• [What the exercise asks]: Copy only what lies from the line containing "- ความจุถุงเก็บหญ้า: 60 ลิตร" through the line containing "(15mm x 15mm)" in the entries below, keeping both end lines exact and dropping every picture.

• [Data for this task]:
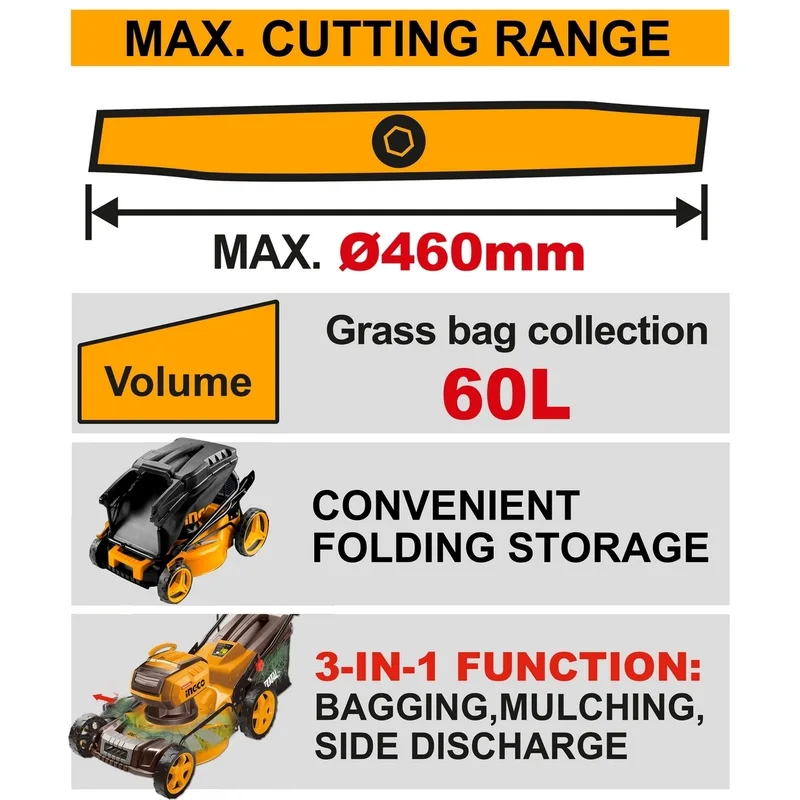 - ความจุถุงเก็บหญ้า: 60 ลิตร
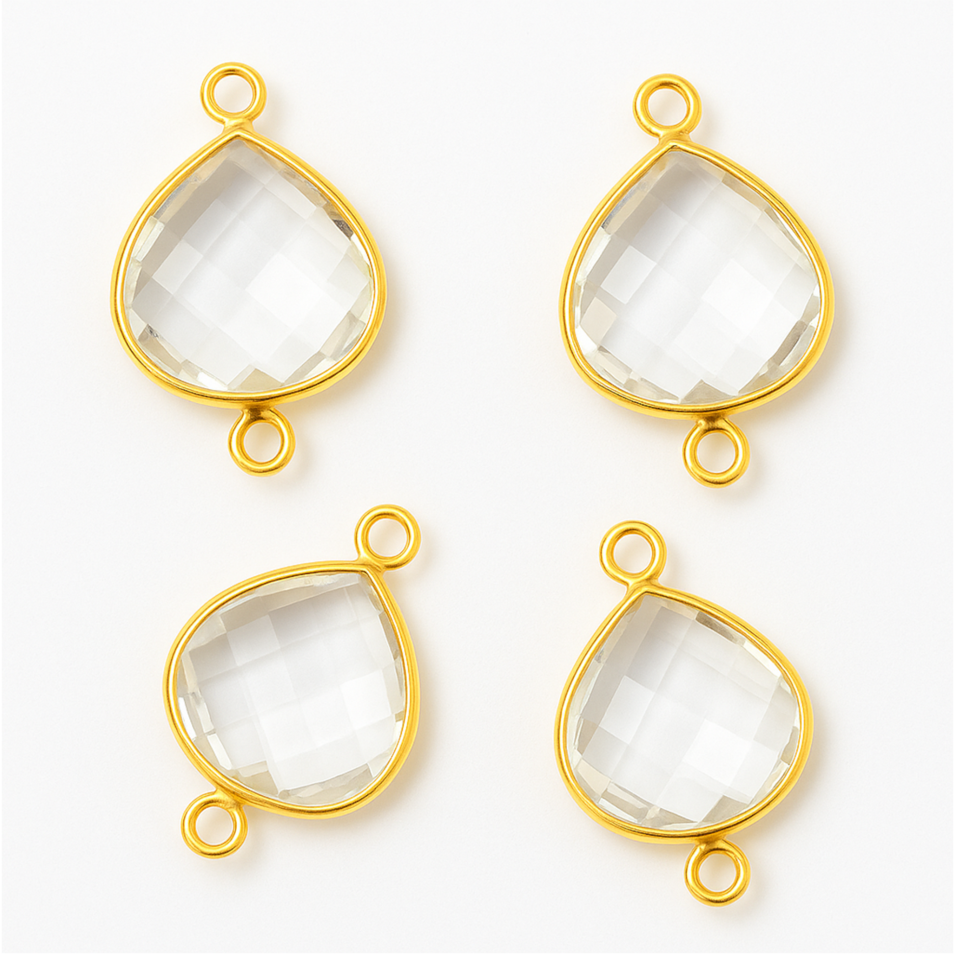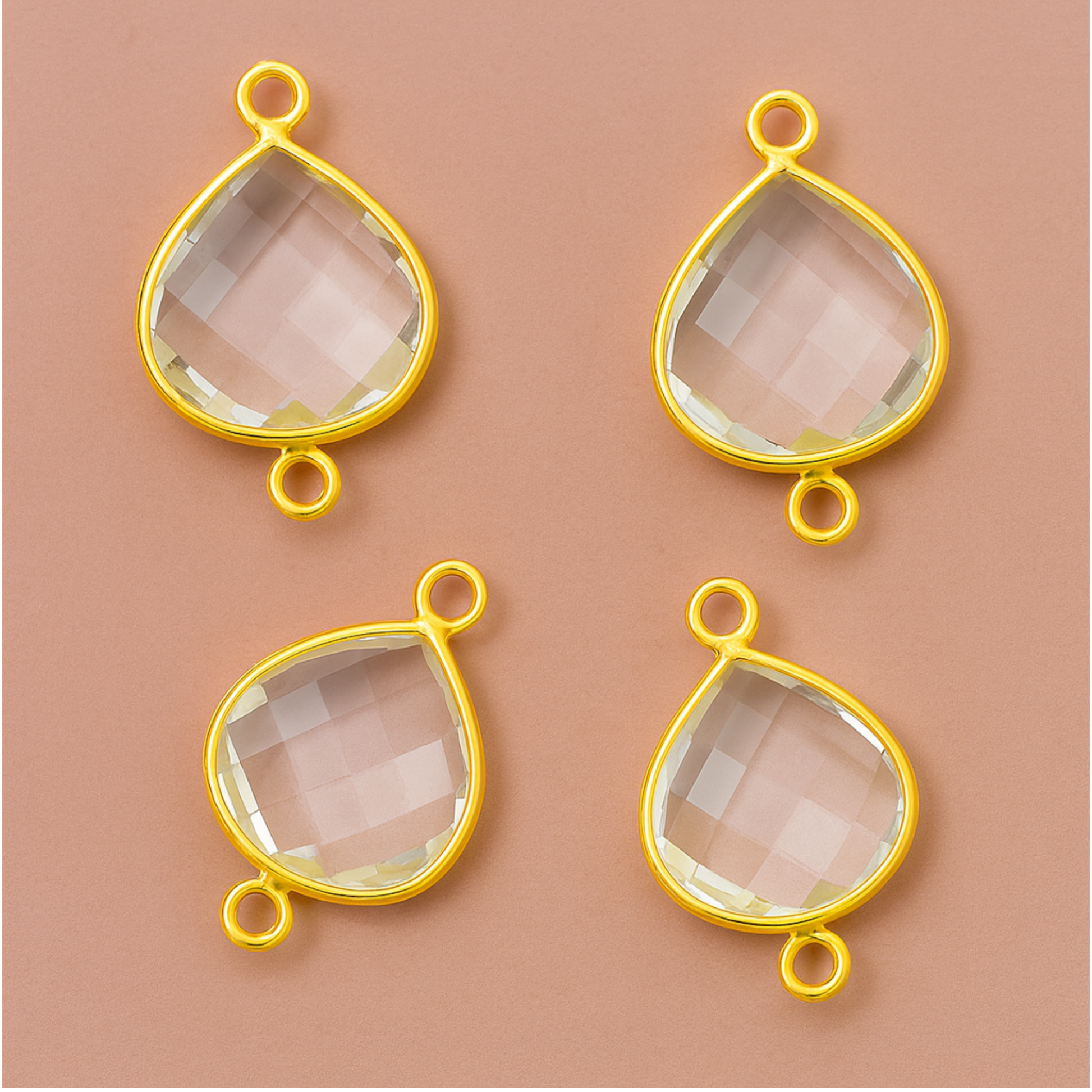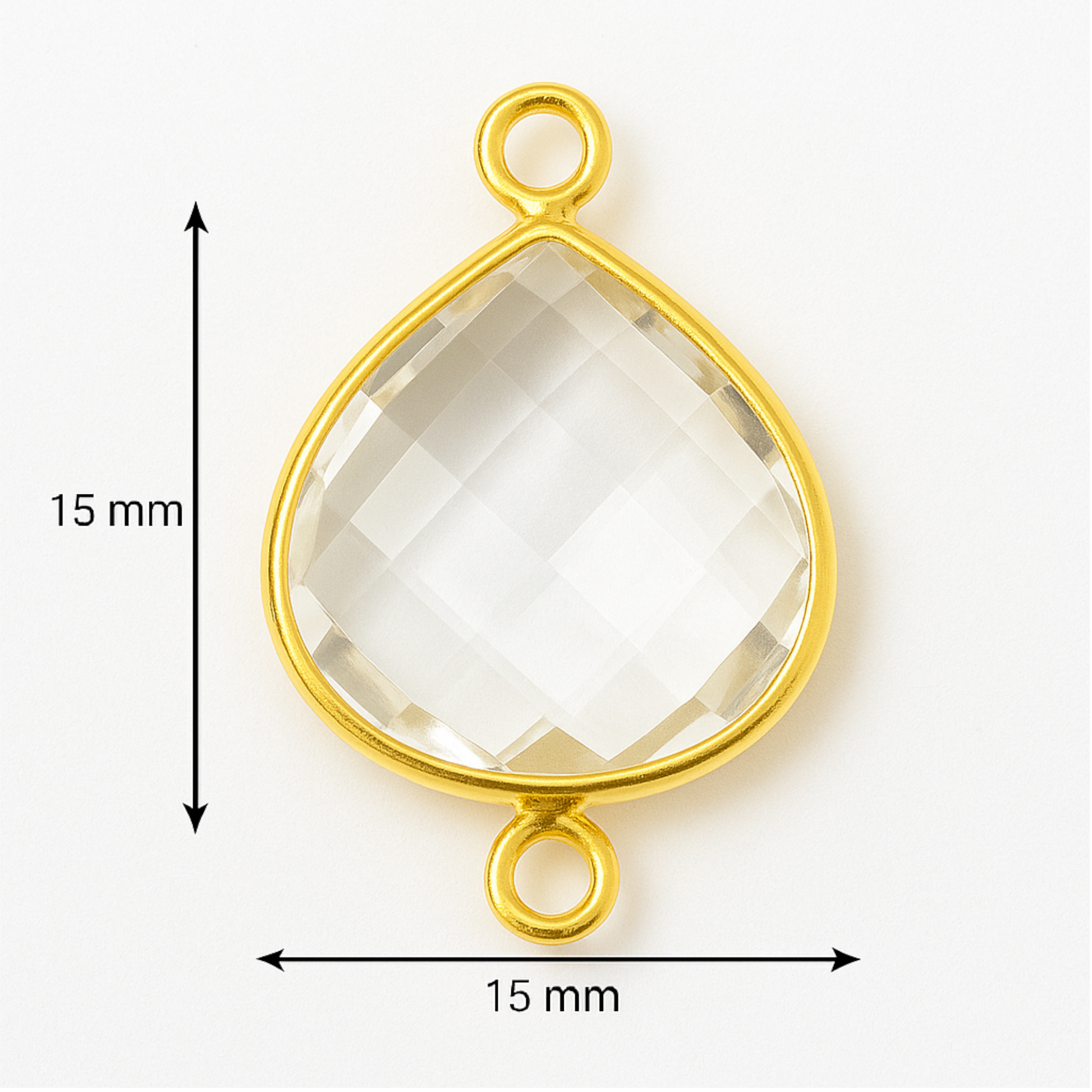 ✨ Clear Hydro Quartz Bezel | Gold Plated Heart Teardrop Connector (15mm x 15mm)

...

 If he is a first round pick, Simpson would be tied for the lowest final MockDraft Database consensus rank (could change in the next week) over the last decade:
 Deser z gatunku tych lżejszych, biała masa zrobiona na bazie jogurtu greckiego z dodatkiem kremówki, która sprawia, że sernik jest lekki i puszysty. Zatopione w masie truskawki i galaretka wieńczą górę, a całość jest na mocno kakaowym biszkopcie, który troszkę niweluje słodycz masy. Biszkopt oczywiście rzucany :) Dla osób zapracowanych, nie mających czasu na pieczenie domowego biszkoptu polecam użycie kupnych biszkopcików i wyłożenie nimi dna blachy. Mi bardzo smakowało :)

...

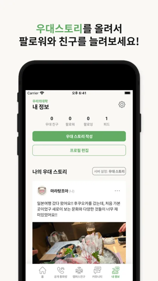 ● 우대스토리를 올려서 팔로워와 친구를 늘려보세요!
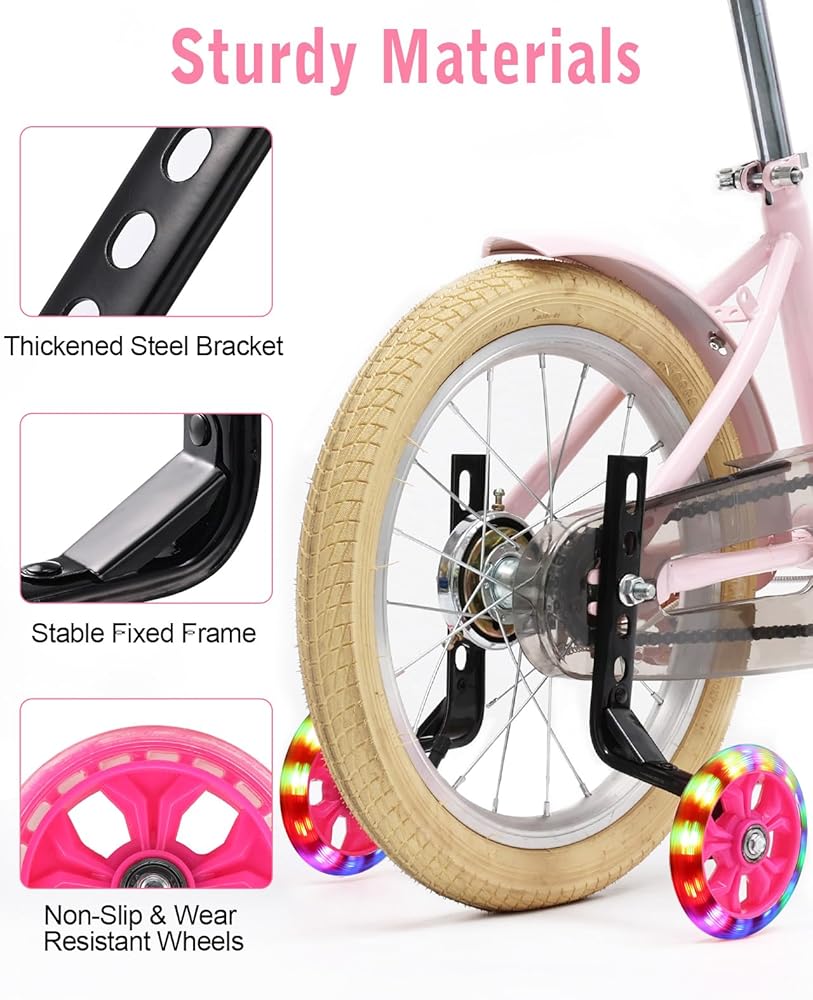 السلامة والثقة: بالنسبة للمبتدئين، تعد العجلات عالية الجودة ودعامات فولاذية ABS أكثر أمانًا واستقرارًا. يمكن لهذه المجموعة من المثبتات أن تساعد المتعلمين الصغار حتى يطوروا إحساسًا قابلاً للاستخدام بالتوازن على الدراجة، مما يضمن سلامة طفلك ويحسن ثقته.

• [Task result]:
 - ความจุถุงเก็บหญ้า: 60 ลิตร
 ✨ Clear Hydro Quartz Bezel | Gold Plated Heart Teardrop Connector (15mm x 15mm)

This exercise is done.